Demographic data, weight, height, BMI, detailed history, and thorough physical examination were obtained at enrollment. Urinalysis with microscopy was performed before the timed urine collection for GFR measurement. Complete blood count, liver function tests, renal function tests, thyroid function tests, fasting and postprandial plasma glucose, and serum alpha fetoprotein were obtained at enrollment.
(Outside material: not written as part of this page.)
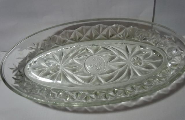 Senų laikų, storo stiklo, pailga stiklo lėkštė - silkinė . Ilgis - 25,5 cm ir plotis (plačiausioje vietoje) 12 cm. turiu 2 vienetus

Complete blood count, liver function tests, urea, creatinine, and uric acid were measured using stored ethylenediaminetetraacetic acid (EDTA) plasma samples using standard techniques. CBC was obtained using Mindray BC-3200 auto hematology counter (Shenzhen Mindray Bio-Medical Electronics Co., Ltd. China). Serum albumin was measured using spectrophotometry. Liver function tests, urea, creatinine, and uric acid were measured using Dimension ES chemical auto-analyzer (Dade Behring, Marburg, Germany).
Serological tests for hepatitis virus B and C were done. Anti-HCV antibodies by enzyme-linked immunosorbent assay (ELISA) and detectable serum HCV–RNA by polymerase chain reaction for 6 months or more were needed to confirm the diagnosis of HCV infection. Abdominal ultrasound was done for all patients.
All statistical analyses were performed with Statistical Package for the Social Science (SPSS for windows version 25.0) (SPSS Inc., Tokyo, Japan). The continuous variables were expressed as mean ± SD which compared using chi square test. Pearson’s correlation coefficient was used to estimate the correlation between each two variables. Statistical significance was defined as a probability level of p < 0.05. Bias was defined as the mean difference between measured and estimated GFR; precision was defined as the SD of the difference between measured and estimated GFR. Both precision and bias were expressed as ml/min per 1.73 m2; accuracy was defined as the proportion of values that were within 10 or 30% of the measured GFR.